# TASK INSTRUCTIONS
Copy the lines below exactly, starting with the first and finishing with the one holding "对于开拓者今夏的变化,名嘴帕"; do not copy the pictures.

# SUPPLIED MATERIAL
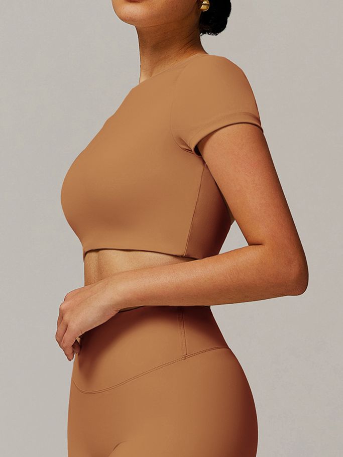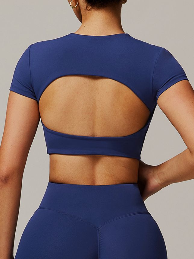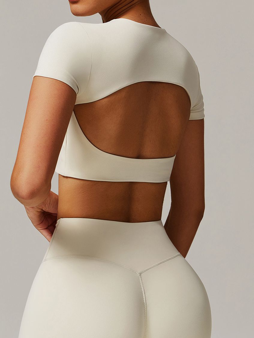 ZASUWA Female Solid Color Backless with Pads Cropped Short Sleeves
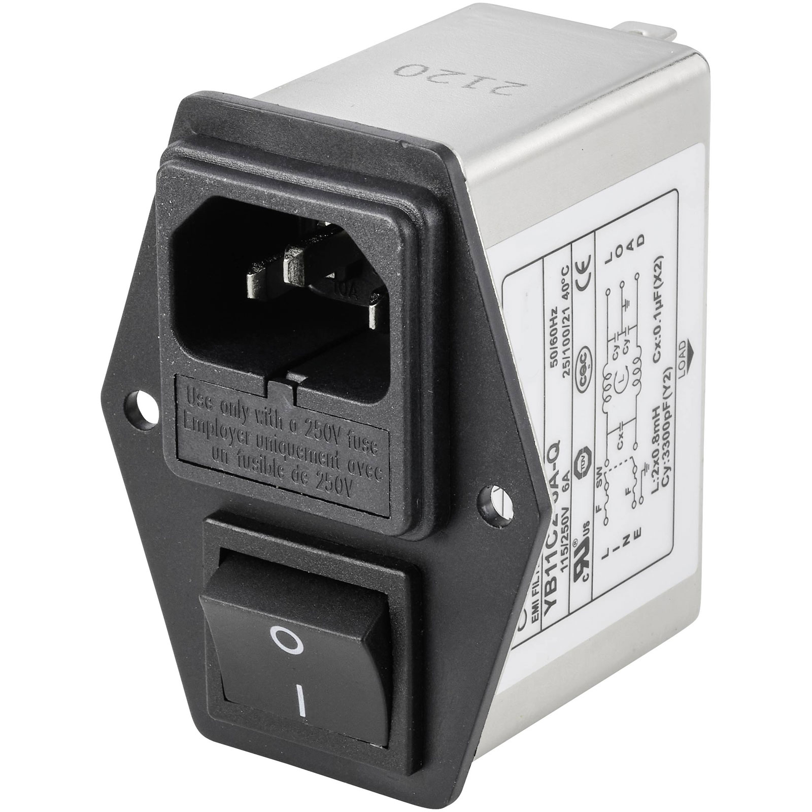 16. TRU COMPONENTS TC-10101460 Line filter IEC socket switch 2 fuses 250V 6A 0.8mH 93.61
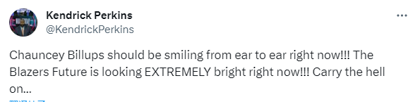 对于开拓者今夏的变化,名嘴帕金斯发推写道:比卢普斯现在应该笑得合不拢嘴,开拓者前途一片光明。
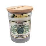 This stunning soy candle is cast in a beautiful 4 inch tall by 3 inch diameter glass with a beautifully etched wooden lid. It will envelop you in its delicate fragrance for 46 hours while enhancing the properties of the stones it contains.
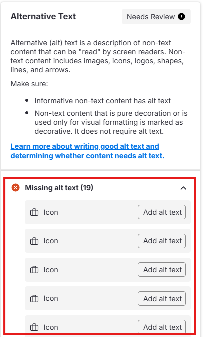 El verificador resaltará todos los elementos no textuales y señalará los alt text faltantes.
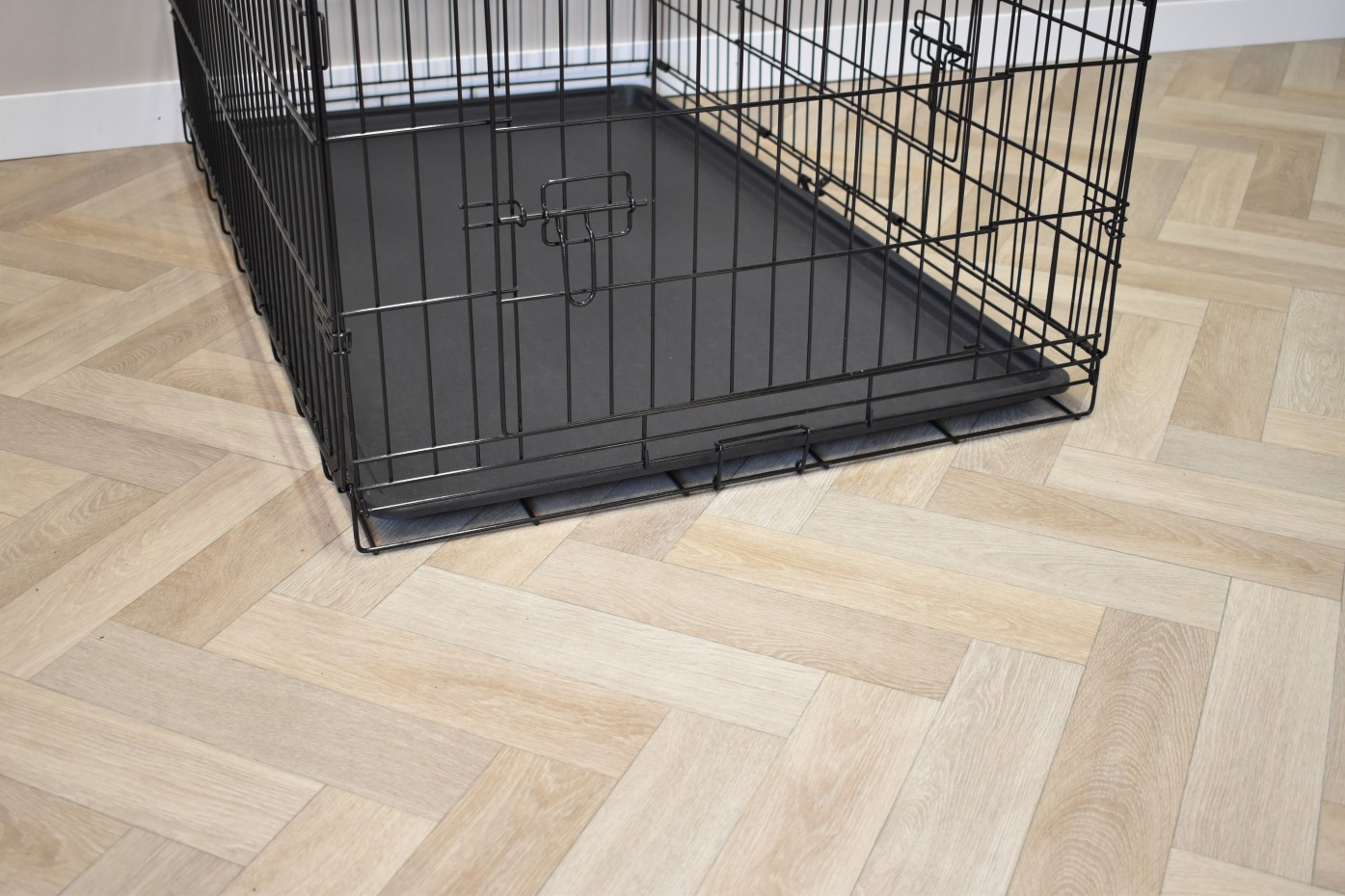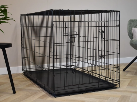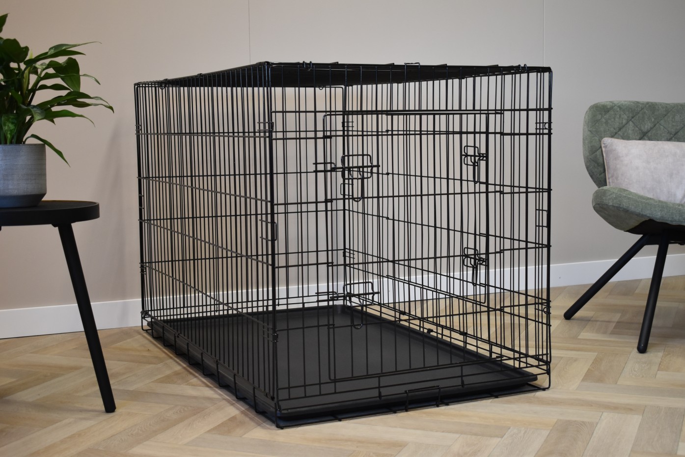 - The dog cage is easy to fold and therefore very compact to transport. It is even equipped with a handle

# TASK RESPONSE
 ZASUWA Female Solid Color Backless with Pads Cropped Short Sleeves
 16. TRU COMPONENTS TC-10101460 Line filter IEC socket switch 2 fuses 250V 6A 0.8mH 93.61
 对于开拓者今夏的变化,名嘴帕金斯发推写道:比卢普斯现在应该笑得合不拢嘴,开拓者前途一片光明。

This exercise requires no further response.